Items listed in a dataset
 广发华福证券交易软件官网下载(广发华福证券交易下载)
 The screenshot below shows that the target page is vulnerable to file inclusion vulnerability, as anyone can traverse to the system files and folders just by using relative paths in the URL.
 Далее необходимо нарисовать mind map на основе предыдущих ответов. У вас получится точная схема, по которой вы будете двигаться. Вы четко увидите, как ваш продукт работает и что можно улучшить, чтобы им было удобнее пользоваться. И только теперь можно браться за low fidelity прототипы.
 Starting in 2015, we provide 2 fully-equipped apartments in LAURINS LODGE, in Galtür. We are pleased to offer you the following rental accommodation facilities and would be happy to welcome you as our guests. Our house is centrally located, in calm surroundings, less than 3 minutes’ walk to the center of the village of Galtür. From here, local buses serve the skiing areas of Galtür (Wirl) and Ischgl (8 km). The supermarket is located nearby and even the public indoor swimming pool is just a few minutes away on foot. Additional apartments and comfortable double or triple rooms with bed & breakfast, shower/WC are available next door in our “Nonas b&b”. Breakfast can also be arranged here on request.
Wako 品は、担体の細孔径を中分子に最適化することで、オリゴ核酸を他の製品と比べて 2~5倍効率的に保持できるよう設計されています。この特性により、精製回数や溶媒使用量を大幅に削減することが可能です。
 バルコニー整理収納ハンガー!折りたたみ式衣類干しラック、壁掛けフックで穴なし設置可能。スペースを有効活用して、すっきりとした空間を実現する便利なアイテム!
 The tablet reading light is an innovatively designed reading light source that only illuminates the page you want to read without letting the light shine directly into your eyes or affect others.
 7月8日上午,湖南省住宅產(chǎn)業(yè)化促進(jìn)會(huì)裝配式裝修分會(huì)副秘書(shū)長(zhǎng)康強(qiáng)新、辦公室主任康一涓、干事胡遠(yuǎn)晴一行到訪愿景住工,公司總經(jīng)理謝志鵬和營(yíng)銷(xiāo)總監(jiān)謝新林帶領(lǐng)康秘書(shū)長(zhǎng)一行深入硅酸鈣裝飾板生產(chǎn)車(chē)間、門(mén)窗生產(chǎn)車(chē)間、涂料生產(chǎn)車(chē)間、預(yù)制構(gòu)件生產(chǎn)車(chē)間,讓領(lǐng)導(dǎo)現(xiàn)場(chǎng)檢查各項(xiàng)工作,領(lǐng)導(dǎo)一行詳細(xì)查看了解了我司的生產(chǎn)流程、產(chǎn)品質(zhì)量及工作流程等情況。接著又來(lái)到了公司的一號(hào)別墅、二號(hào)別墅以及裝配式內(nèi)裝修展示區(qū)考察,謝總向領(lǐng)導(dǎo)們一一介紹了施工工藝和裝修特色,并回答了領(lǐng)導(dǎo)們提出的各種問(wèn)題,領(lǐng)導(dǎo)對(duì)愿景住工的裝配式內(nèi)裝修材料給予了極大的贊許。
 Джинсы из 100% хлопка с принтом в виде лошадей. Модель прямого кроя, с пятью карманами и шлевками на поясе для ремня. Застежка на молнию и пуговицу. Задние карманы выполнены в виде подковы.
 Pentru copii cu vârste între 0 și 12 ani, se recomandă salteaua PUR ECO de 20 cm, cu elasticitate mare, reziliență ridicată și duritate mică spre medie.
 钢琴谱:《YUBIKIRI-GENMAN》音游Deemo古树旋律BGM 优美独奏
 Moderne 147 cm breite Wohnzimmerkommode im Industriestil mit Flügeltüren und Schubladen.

REQUIRED ACTION — Search the records above for the string "just". Copy every line that contains it.

EXERCISE OUTPUT —
 The screenshot below shows that the target page is vulnerable to file inclusion vulnerability, as anyone can traverse to the system files and folders just by using relative paths in the URL.
 Starting in 2015, we provide 2 fully-equipped apartments in LAURINS LODGE, in Galtür. We are pleased to offer you the following rental accommodation facilities and would be happy to welcome you as our guests. Our house is centrally located, in calm surroundings, less than 3 minutes’ walk to the center of the village of Galtür. From here, local buses serve the skiing areas of Galtür (Wirl) and Ischgl (8 km). The supermarket is located nearby and even the public indoor swimming pool is just a few minutes away on foot. Additional apartments and comfortable double or triple rooms with bed & breakfast, shower/WC are available next door in our “Nonas b&b”. Breakfast can also be arranged here on request.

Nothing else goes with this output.